* Exercise instructions: A faithful retyping of every entry below is wanted, with images left out.
Given information Block Start
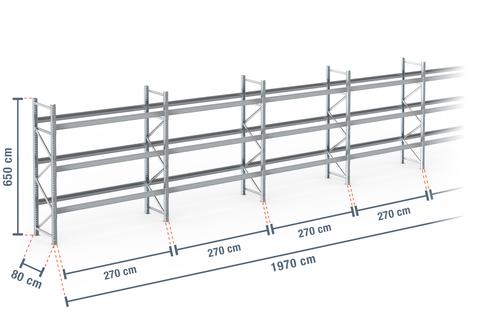 PR9000F estante para paletes 19,7 m galvanizada a quente / 80 cm de profundidade / 6,5 m de altura / 3 níveis para 84 europaletes
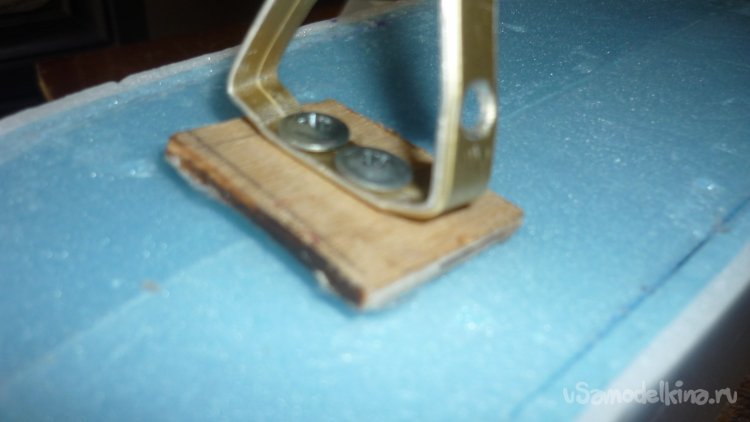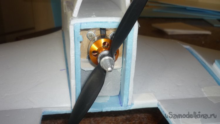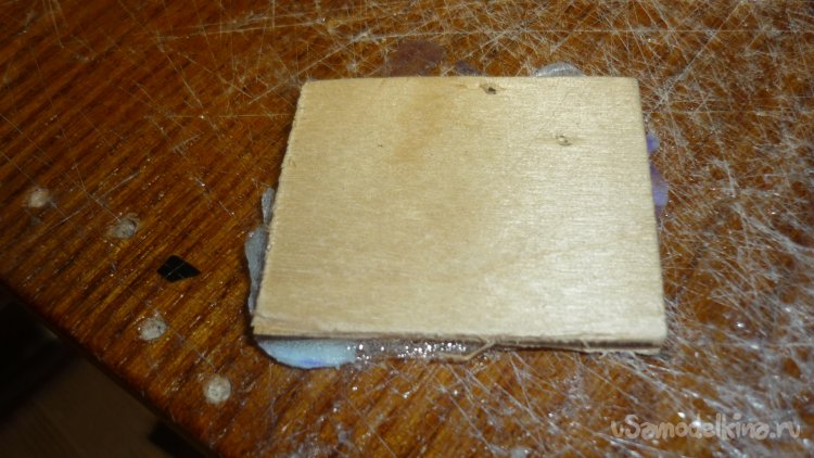 Из утеплителя вырезал кусок, на который приклеиваю кусочек 3 мм . фанеры, для установки мотора.
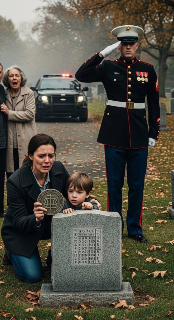My late husband’s family called him an “office worker” with a “dead-end life.” While visiting his grave, my son touched a strange symbol on the headstone. Suddenly, a man in a full military dress uniform appeared behind us, saluted the grave, and said, “Ma’am, the code is active. We have to go now.” What he told me next about my husband’s real job made my in-laws’ world crumble…
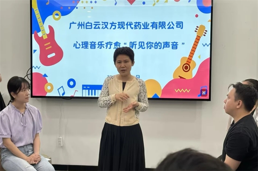 《禮記》記載:“凡音之起,由人心生也。人心之動,物使之然也。感于物而動,故形于聲。”為增強職工心理韌性,緩解心理壓力。2024年11月4日,白云山漢方工會一分會在廣州分公司員工活動室舉辦“聽見你的心聲”心理音樂療愈活動,公司黨委副書記、工會主席鄭燕華及近20余名職工參加活動。
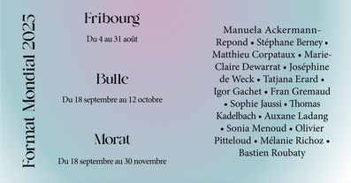 L'exposition Format Mondial, après avoir envahi les rues de Fribourg durant le mois d'août, déménage à Bulle (Jardin de l'institut Ste-Croix)du 18 septembre au 12 octobre et Morat du 18 septembre au 30 novembre.
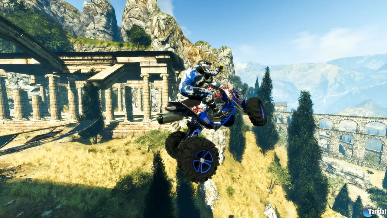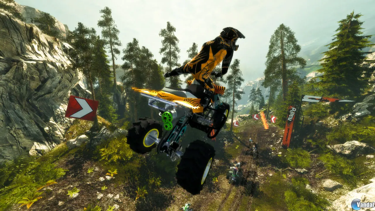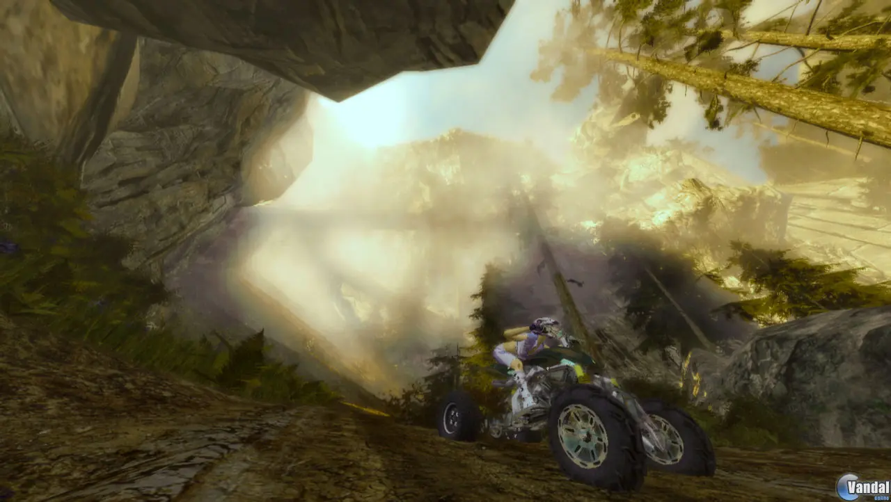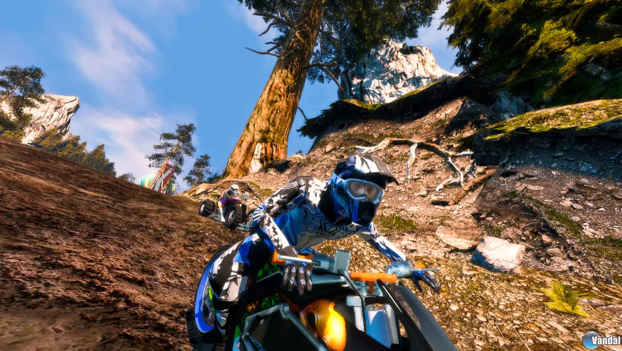 Pero dichos elementos no cumplirán una mera función ornamental, puesto que también tendrán su relevancia en carrera. Objetos como árboles y rocas obstaculizarán nuestro avance, mientras que las múltiples rampas y cambios de rasante provocarán que efectuemos saltos impresionantes, pudiendo llevar a cabo acrobacias en pleno vuelo. ¡Ah! y que sepáis que dichos escenarios esconderán diversas rutas y atajos, por lo que valdrá la pena tener los ojos bien abiertos para encontrarlos.
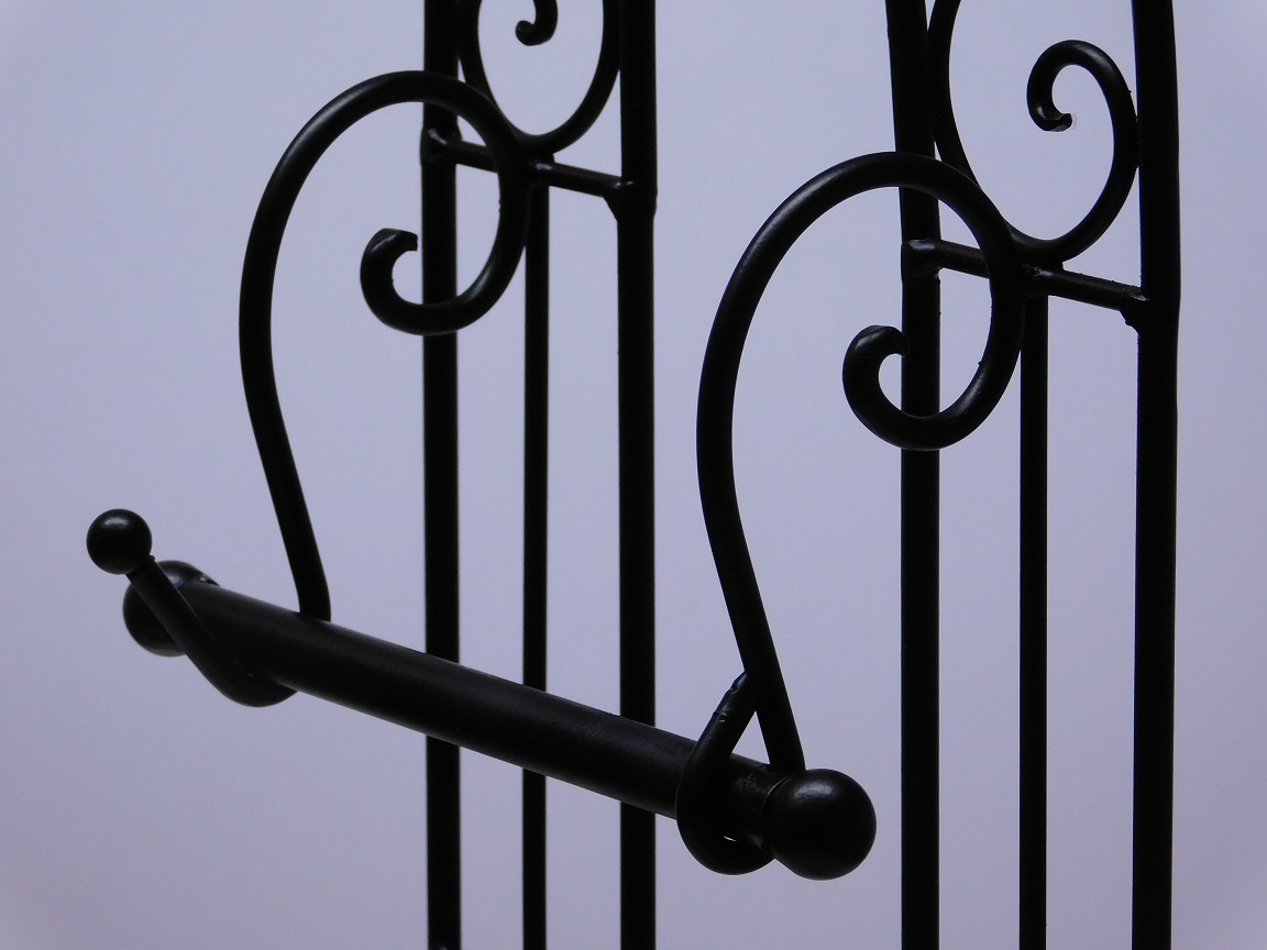 Dieser stehende Toilettenpapierhalter aus Schmiedeeisen kombiniert ein luxuriöses Aussehen mit maximaler Funktionalität.
Given information Block End
* Response below:
 PR9000F estante para paletes 19,7 m galvanizada a quente / 80 cm de profundidade / 6,5 m de altura / 3 níveis para 84 europaletes
 Из утеплителя вырезал кусок, на который приклеиваю кусочек 3 мм . фанеры, для установки мотора.
My late husband’s family called him an “office worker” with a “dead-end life.” While visiting his grave, my son touched a strange symbol on the headstone. Suddenly, a man in a full military dress uniform appeared behind us, saluted the grave, and said, “Ma’am, the code is active. We have to go now.” What he told me next about my husband’s real job made my in-laws’ world crumble…
 《禮記》記載:“凡音之起,由人心生也。人心之動,物使之然也。感于物而動,故形于聲。”為增強職工心理韌性,緩解心理壓力。2024年11月4日,白云山漢方工會一分會在廣州分公司員工活動室舉辦“聽見你的心聲”心理音樂療愈活動,公司黨委副書記、工會主席鄭燕華及近20余名職工參加活動。
 L'exposition Format Mondial, après avoir envahi les rues de Fribourg durant le mois d'août, déménage à Bulle (Jardin de l'institut Ste-Croix)du 18 septembre au 12 octobre et Morat du 18 septembre au 30 novembre.
 Pero dichos elementos no cumplirán una mera función ornamental, puesto que también tendrán su relevancia en carrera. Objetos como árboles y rocas obstaculizarán nuestro avance, mientras que las múltiples rampas y cambios de rasante provocarán que efectuemos saltos impresionantes, pudiendo llevar a cabo acrobacias en pleno vuelo. ¡Ah! y que sepáis que dichos escenarios esconderán diversas rutas y atajos, por lo que valdrá la pena tener los ojos bien abiertos para encontrarlos.
 Dieser stehende Toilettenpapierhalter aus Schmiedeeisen kombiniert ein luxuriöses Aussehen mit maximaler Funktionalität.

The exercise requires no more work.